V_SPECSUB - Speech enhancement using spectral subtraction.

v_specsub

v_specsub(si, fs, pp=None) -> ndarray

Perform speech enhancement using spectral subtraction.

Parameters:

Name Type Description Default
si array_like

Input speech signal.

required
fs float

Sample frequency in Hz.

required
pp dict

Algorithm parameters.

None

Returns:

Name Type Description
ss ndarray

Enhanced speech output.

Source code in pyvoicebox/v_specsub.py
def v_specsub(si, fs, pp=None) -> np.ndarray:
    """Perform speech enhancement using spectral subtraction.

    Parameters
    ----------
    si : array_like
        Input speech signal.
    fs : float
        Sample frequency in Hz.
    pp : dict, optional
        Algorithm parameters.

    Returns
    -------
    ss : ndarray
        Enhanced speech output.
    """
    s = np.asarray(si, dtype=float).ravel()

    # Default parameters
    qq = {
        'of': 2, 'ti': 16e-3, 'ri': 0, 'g': 1, 'e': 1,
        'am': 3, 'b': 0.01, 'al': -5, 'ah': 20,
        'bt': -1, 'ne': 0, 'mx': 0, 'gh': 1, 'tf': 'g', 'rf': 0,
    }
    qp = {}
    if pp is not None:
        for key in qq:
            if key in pp:
                qq[key] = pp[key]
        qp = pp

    # Derived constants
    if qq['ri']:
        ni = int(2 ** np.ceil(np.log2(qq['ti'] * fs * np.sqrt(0.5))))
    else:
        ni = round(qq['ti'] * fs)
    tinc = ni / fs
    ne = qq['ne']

    # Calculate power spectrum
    no = round(qq['of'])
    nf = ni * no
    w = np.sqrt(np.hamming(nf + 1)[:nf])
    w = w / np.sqrt(np.sum(w[::ni] ** 2))

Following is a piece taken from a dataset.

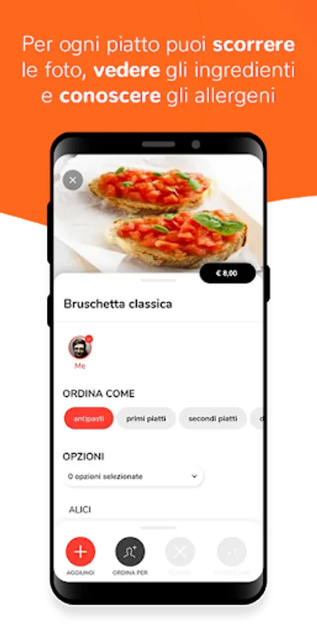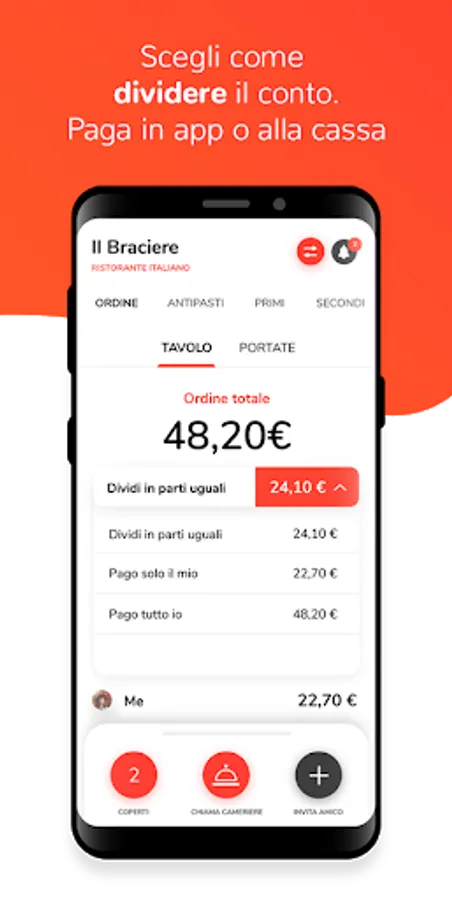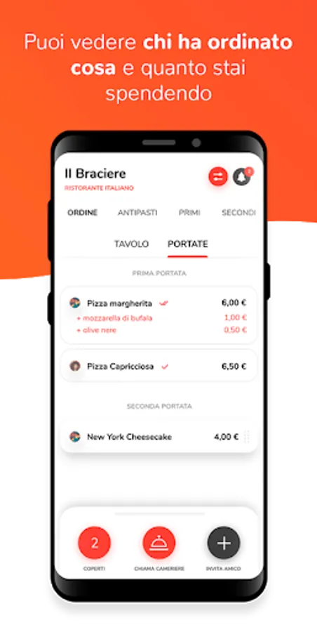 At any time you can view the dishes ordered by you and other diners sitting at your table. "I take carbonara", "I want it too", "I add a beer".
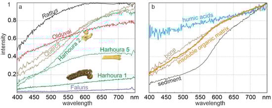 Because a fossil is always unique, non-destructive analyses are usually preferred. Colour is rarely studied, although in some taxa (Conodonts), a “conodont alteration index” has been established to estimate the degree of diagenetic changes []. When the colour of the external surface of bones or teeth is described, it is a visual identification without any measurement [,]. Some attempts have been done to link the colour and the chemical composition [,]. There is a general agreement that black spots are manganese, but chemical analyses are not done in most cases. Colour perception is variable and non-objective because of individual variations in human eyes. Nevertheless, colour can be measured through spectrophotometers []. Such analyses are non-destructive, so that they are used on rare samples. A present-day bone seems to be white, but the profile in the range of the visible wavelengths shows an increase in the red colour (Figure 2a, Rattus): probably remains of haemoglobin. Three bones of the same site are clearly different, whereas two bones from Quercy, France, are similar (Figure 2a) []. The comparison of the colour of the embedding sediment and the surface of the bones show that the slopes of the sediment and the insoluble organic matrix extracted from the bone are similar, but the sediment is darker than the organic matrix (Figure 2b). The colours of the surface and of the organic matrix are almost identical, both materials being less coloured than humic acids. In this site, the colour seems to be of organic origin. There is a paucity of data concerning the colour, so an index has not yet been established.

    y, tt, *_ = v_enframe(s, w, ni, 'r')
    tt = tt / fs
    yf = v_rfft(y, nf, 1)  # axis=1 for row-wise FFT
    yp = np.real(yf * np.conj(yf))
    nr, nf2 = yp.shape

    ff = np.arange(nf2) * fs / nf

    if ne > 0:
        dp, ze = v_estnoiseg(yp, tinc, qp)
    else:
        dp, ze, _ = v_estnoisem(yp, tinc, qp)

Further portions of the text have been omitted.